Delta, American Airlines and United Airlines have recently grounded scores of Boeing planes. U.S. Rep. James Oberstar, D-Minn., who has charged that the FAA has a "culture of coziness" with the carriers it regulates, leads the hearing.
Benton brought jurors into the courtroom to again remind them not to consider outside evidence or information when deliberating the case. The jurors are not allowed to read or watch any media reports regarding Eastman or Boeing.
Eastman said he felt somewhat vindicated by the national reports about poor FAA oversight. One of his complaints as a Boeing employee and after his arrest was that the FAA overlooked faulty inspections at Boeing.
While working as a quality assurance inspector in Tukwila, he wrote to Boeing management, the FAA and Sens. Patty Murray and Maria Cantwell about what he viewed as fraud in Boeing's airplane inspection process.
"With everything that's going on, you'd think somebody would be interested that the same thing is going on at Boeing," Eastman said. "It's nice it's coming out now -- no matter what happens to me."
© 1998-2008 Seattle Post-Intelligencer

End of article.

This is a great article because it finally touches upon the important issues my trial raises—not my own fate, but what Boeing and the King County Prosecutor’s office do to whistleblowers that let any of Boeing’s numerous skeletons of law breaking out of the closet, and more importantly, it calls attention to the fact I had long been laboring to get the correct level of attention on so it could be ended at long last for the safety of the public—that Boeing and the FAA are engaging in fraud in a similar but more pervasive and serious way than the FAA has engaged in with airlines, including the relationships in the news today, as well as the one between Alaska Airlines management and the FAA just prior to the tragic and avoidable (if the FAA had done their jobs of oversight and had actually investigated reports of serious noncompliances bordering on fraud in Alaska Airlines' maintenance operations) crash of Alaska Airlines flight 261.

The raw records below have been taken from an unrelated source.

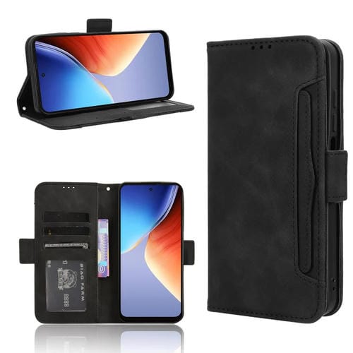 Funda de Cuero para BlackView A96 con Textura Skin Feel y Ranuras para Tarjetas (Negro)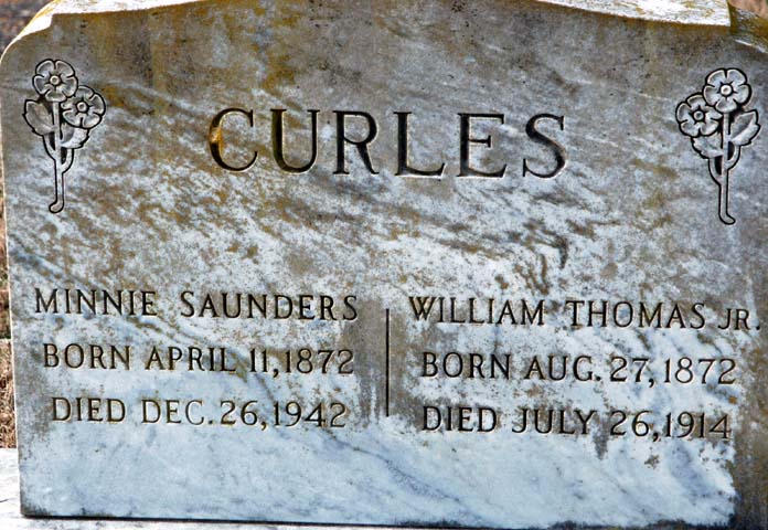 | Curles, Minnie Saunders | April 11, 1872 | Dec. 26, 1942 | [double with William Thomas Curles, Jr.] |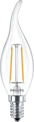 Philips Corepro LED Kerze E14 Gebogene Spitze Fadenlampe Klar 2W 250lm - 827 | Ersatz für 25W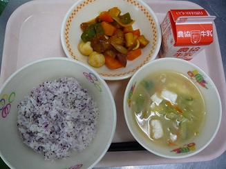 ゆかりごはん、酢豚、千切りスープ、牛乳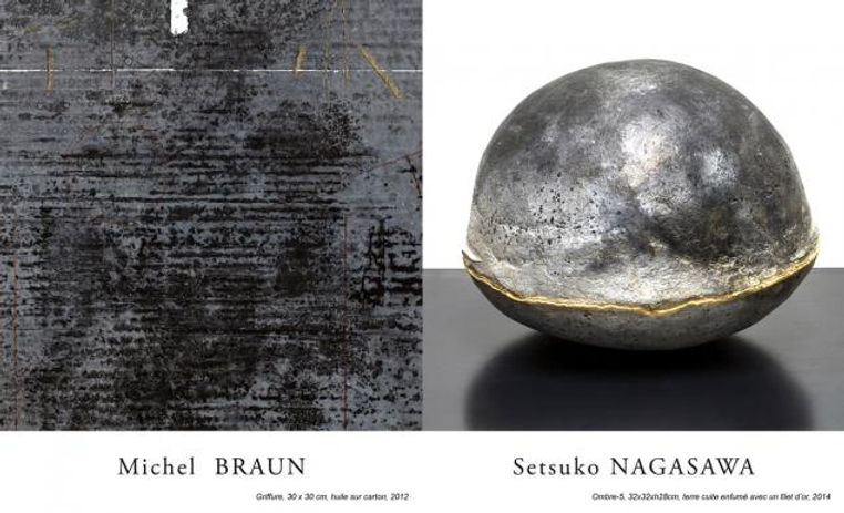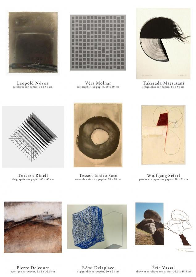 La galerie présente ses dernières œuvres magnifiques et inoubliables. La galerie Akié Arichi est heureuse de présenter les œuvres (peintures, dessins, estampes ) de Maîtres comme Hartung, Ubac, Alechinsky, etc.) et des artistes de la galerie qui y travaillent régulièrement. Hervé Duval, Thierry Le Saec, Noriko Fusé et Akané Kirimura sont d’excellents spécialistes de la gravure. Quant à Motoko Tachikawa, elle présente les œuvres collées, cousues sur la gravure en tissu. Claude Gesvret est gestuel spontané abstrait et présente les peintures sur papier. Yutaka Imai est artiste abstrait et présente des dessins calligraphique en encre de chine sur papier japonais. Alfonso Diaz Uribé est sculpteur colombien. Il présente des images qui voient dans la rivière et elles sont transparentes, floues et très colorées en gouache sur papier. Hiroyuki Moriyama cherche à rompre la géométrie des figures par l'introduction du mouvement avec les tâches qui sont là pour donner un rythme à cette partition universelle. Il s'agit ainsi d'exprimer la liberté de l'homme et non son enfermement dans un espace limité corporellement ou spatialement. Le travail sur la matière est très important. C'est lui qui va permettre l'apparition des tâches et donc du mouvement et rompre avec la rigueur de la géométrie qui symbolise la finitude. Tout est relatif et en mouvement. Il est attaché à la conception du Bouddhisme, grand véhicule. Il y a dans sa création une recherche constante de l'équilibre entre l'homme, le cercle et l'univers ; entre le blanc et le noir. Le cercle, transposition du soi, s'inscrit dans un environnement infini où il est tenu par de multiples fils, trame le soutenant.

"Inflammatory discussion about airline safety." "Inflammatory"? "Discussion"? That is how Judge Benton opined today in court on the serious news of intentionally lax FAA oversight and the much greater danger it undeniably placed airline passengers in. True, this FAA management fraud with the airlines in the news today would be quite inflammatory if an airliner crashed because of it—just not in the way she apparently meant the word. And the mere fact the news is reporting it doesn’t make it a “discussion.” Such “discussions” are only allowed in the editorial pages of the news, not the news itself. You had better hope that you don’t get a judge like this if you are also accused of a crime you didn’t commit. But I'm told the whole court system in King County is tilted against the defendant, so the judge in this case is apparently just doing what other judges here do--only more in earnest. If judges begin to expicitly follow the law and as a consequence rule in a defendant's favor, negating months or years of police work and work by the prosecution, then the powerful Police Guilds will line up in opposition to that judge at the next election, getting them replaced. Not an incentive by far for judges to be fair in this county.